The Mississippian Period: Mound Centers and Villages. Most chiefdoms reflect Mississippian culture (AD 1000 to the 15th century in the Midwest, and to the 16th century in the Southeast) through distinctive artifacts and architecture. Mounds were one characteristic; the largest is Monks Mound at Cahokia (Illinois).

Mounds and Burials. Rectangular, flat-topped platforms mounds bore chiefly houses, council houses, and charnel structures. Elevated buildings, on plazas used for community events, were reminders of the ruler's high social standing. Mississippian mounds were built in incremental stages, legitimizing current rulers through connection with the past. At Lubbub Creek (Alabama) one mound showed continuity with structures on the original ground surface.

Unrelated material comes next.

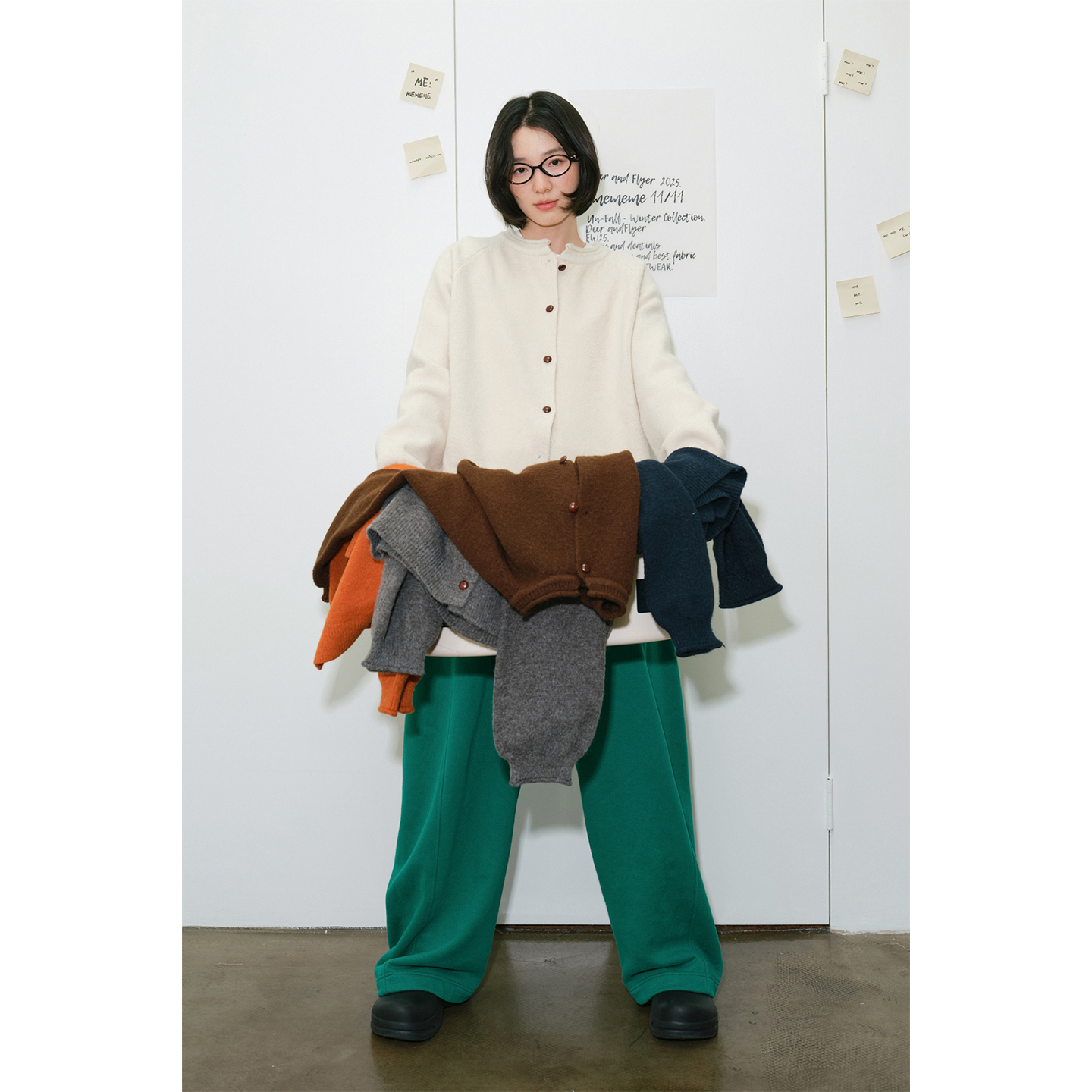 鹿与飞鸟“五色杂货铺”蓬松保暖混纺圆领五色插肩袖针织开衫7094

Charnel houses, bone deposits, and burials continued to lie within mounds; precious grave goods included marine shell and copper. Artifacts and designs associated with the Southern Cult or Southeastern Ceremonial complex are common in the 13th-14th century AD: seashell and hammered copper plates, axes, maces, and other weapons were decorated with weeping eyes, bird designs, supernatural beings, circles, and crosses. While regional stylistic variation is seen, shared beliefs are clear, as were their role in legitimizing elites. Ancestors are probably represented in figurines of wood and stone; warfare emphasized by artifacts showing warrior/bird-of-prey composites clutching maces and severed heads. Human sacrifices sometimes accompanied burials of highly ranked people.

Although some mounds held 100 individuals, mound burial was highly restricted. People of all ages and both sexes were interred, although adults predominate. Connection to ancestors is exemplified at Craig Mound, Spiro (Oklahoma) where old bones and artifacts were assembled from earlier deposits to emphasize ancestry. Access to mounds was occasionally prevented by rows of posts around their bases or summits, exemplified at Taënsa sites of the lower Mississippi Valley.

Settlement Patterns and Food-procurement Strategies. Mississippian settlements ranged from isolated farmsteads to villages and mound centers. Mounds and associated buildings for important people and special purposes ringed a central plaza where ceremonies occurred. Mounds were located within plazas at Moundville (Alabama) and Cahokia (Illinois); an enormous post was found at Mitchell (Illinois). The central precinct could have palisades studded with bastions; commoners lived outside the elite enclosure. A few hundred to several thousand people inhabited mound centers.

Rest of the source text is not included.